== Task to carry out ==
Set out exactly every line of the entries below, starting at the line that holds "Pasta drenched in" and stopping after the line that holds "These Silver Plated".

──────── Data in this exercise

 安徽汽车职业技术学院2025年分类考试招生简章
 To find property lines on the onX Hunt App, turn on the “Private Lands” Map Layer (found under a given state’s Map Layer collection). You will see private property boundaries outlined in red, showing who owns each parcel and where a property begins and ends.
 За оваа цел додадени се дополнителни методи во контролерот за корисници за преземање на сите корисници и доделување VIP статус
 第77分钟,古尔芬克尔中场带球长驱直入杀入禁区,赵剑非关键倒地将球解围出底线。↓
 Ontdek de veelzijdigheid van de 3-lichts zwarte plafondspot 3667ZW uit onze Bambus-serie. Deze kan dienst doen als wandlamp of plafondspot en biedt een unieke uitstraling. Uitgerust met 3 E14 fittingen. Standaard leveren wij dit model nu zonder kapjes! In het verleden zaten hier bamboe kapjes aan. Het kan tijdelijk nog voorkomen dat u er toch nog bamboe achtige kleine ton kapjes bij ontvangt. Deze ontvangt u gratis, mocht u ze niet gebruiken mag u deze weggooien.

────────────────
──────── Data in this exercise

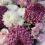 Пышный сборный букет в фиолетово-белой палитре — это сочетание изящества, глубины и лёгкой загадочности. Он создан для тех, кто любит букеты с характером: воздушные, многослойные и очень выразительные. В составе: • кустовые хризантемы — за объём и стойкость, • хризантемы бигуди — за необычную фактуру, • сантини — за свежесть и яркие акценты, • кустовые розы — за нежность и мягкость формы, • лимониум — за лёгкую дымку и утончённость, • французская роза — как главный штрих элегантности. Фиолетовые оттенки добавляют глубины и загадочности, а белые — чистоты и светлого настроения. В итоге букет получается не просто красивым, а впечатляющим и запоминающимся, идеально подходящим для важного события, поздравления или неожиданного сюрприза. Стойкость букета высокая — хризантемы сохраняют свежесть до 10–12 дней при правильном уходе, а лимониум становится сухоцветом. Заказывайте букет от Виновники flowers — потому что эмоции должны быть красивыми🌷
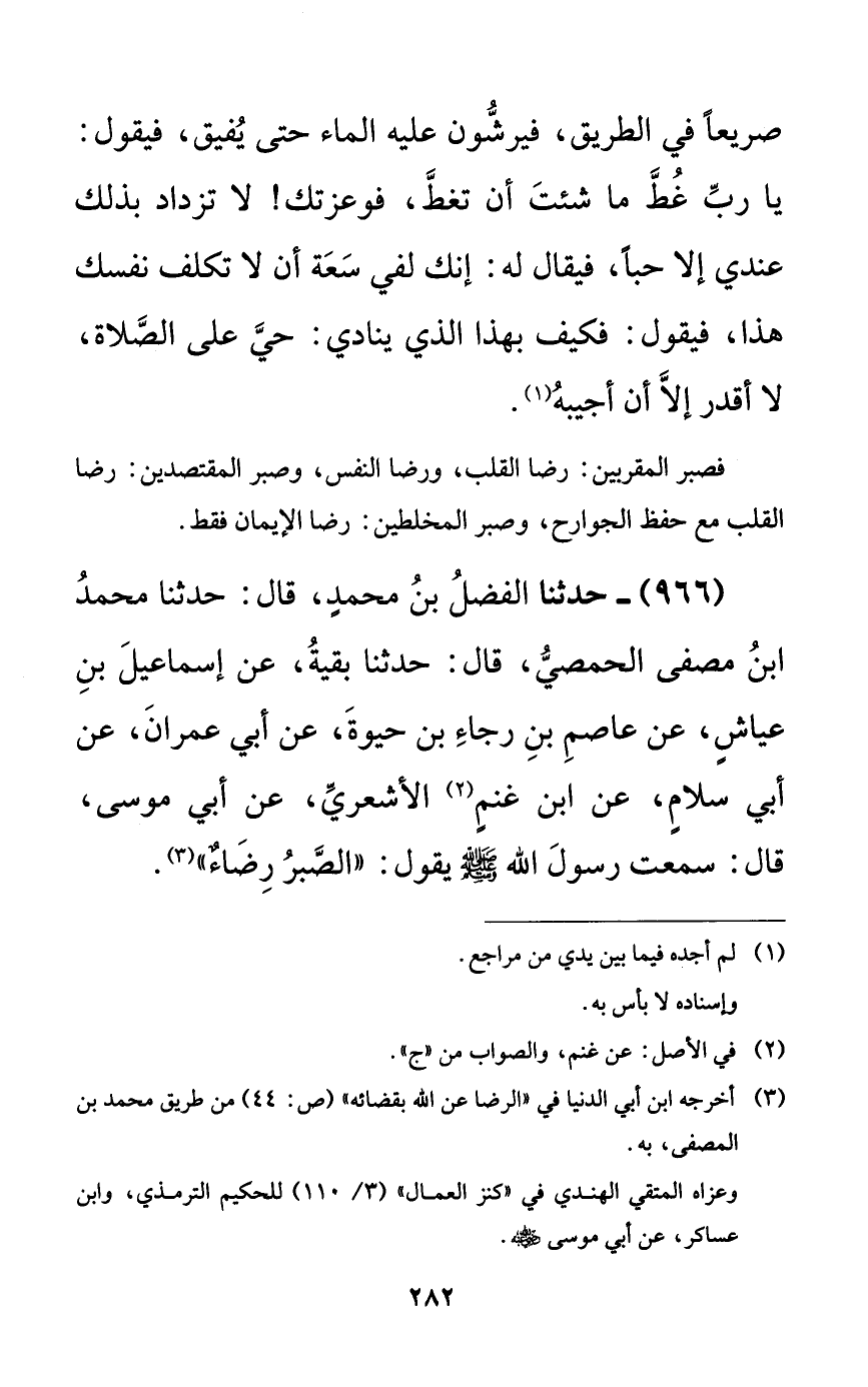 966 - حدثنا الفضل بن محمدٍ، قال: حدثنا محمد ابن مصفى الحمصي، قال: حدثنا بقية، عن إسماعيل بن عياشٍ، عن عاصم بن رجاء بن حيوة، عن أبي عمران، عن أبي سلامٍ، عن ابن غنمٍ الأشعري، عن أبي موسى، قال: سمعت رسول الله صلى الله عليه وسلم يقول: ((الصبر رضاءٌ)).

────────────────
──────── Data in this exercise

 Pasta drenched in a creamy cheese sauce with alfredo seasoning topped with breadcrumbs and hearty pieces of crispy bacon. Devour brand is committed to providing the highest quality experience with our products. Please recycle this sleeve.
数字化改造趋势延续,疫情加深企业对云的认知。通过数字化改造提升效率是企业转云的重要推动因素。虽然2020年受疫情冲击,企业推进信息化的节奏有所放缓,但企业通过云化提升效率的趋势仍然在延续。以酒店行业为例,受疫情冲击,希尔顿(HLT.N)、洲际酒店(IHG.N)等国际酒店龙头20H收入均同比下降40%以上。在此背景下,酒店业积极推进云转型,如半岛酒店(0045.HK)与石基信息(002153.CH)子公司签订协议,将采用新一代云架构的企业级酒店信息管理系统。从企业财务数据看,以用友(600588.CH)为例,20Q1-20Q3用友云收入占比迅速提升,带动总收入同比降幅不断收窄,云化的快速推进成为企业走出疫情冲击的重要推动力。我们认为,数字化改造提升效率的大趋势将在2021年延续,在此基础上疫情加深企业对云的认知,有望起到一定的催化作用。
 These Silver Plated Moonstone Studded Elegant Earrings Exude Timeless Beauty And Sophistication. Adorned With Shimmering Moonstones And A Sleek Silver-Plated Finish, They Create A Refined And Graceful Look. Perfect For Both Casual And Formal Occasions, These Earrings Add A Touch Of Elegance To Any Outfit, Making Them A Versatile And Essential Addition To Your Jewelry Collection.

────────────────

== Written solution ==
 Pasta drenched in a creamy cheese sauce with alfredo seasoning topped with breadcrumbs and hearty pieces of crispy bacon. Devour brand is committed to providing the highest quality experience with our products. Please recycle this sleeve.
数字化改造趋势延续,疫情加深企业对云的认知。通过数字化改造提升效率是企业转云的重要推动因素。虽然2020年受疫情冲击,企业推进信息化的节奏有所放缓,但企业通过云化提升效率的趋势仍然在延续。以酒店行业为例,受疫情冲击,希尔顿(HLT.N)、洲际酒店(IHG.N)等国际酒店龙头20H收入均同比下降40%以上。在此背景下,酒店业积极推进云转型,如半岛酒店(0045.HK)与石基信息(002153.CH)子公司签订协议,将采用新一代云架构的企业级酒店信息管理系统。从企业财务数据看,以用友(600588.CH)为例,20Q1-20Q3用友云收入占比迅速提升,带动总收入同比降幅不断收窄,云化的快速推进成为企业走出疫情冲击的重要推动力。我们认为,数字化改造提升效率的大趋势将在2021年延续,在此基础上疫情加深企业对云的认知,有望起到一定的催化作用。
 These Silver Plated Moonstone Studded Elegant Earrings Exude Timeless Beauty And Sophistication. Adorned With Shimmering Moonstones And A Sleek Silver-Plated Finish, They Create A Refined And Graceful Look. Perfect For Both Casual And Formal Occasions, These Earrings Add A Touch Of Elegance To Any Outfit, Making Them A Versatile And Essential Addition To Your Jewelry Collection.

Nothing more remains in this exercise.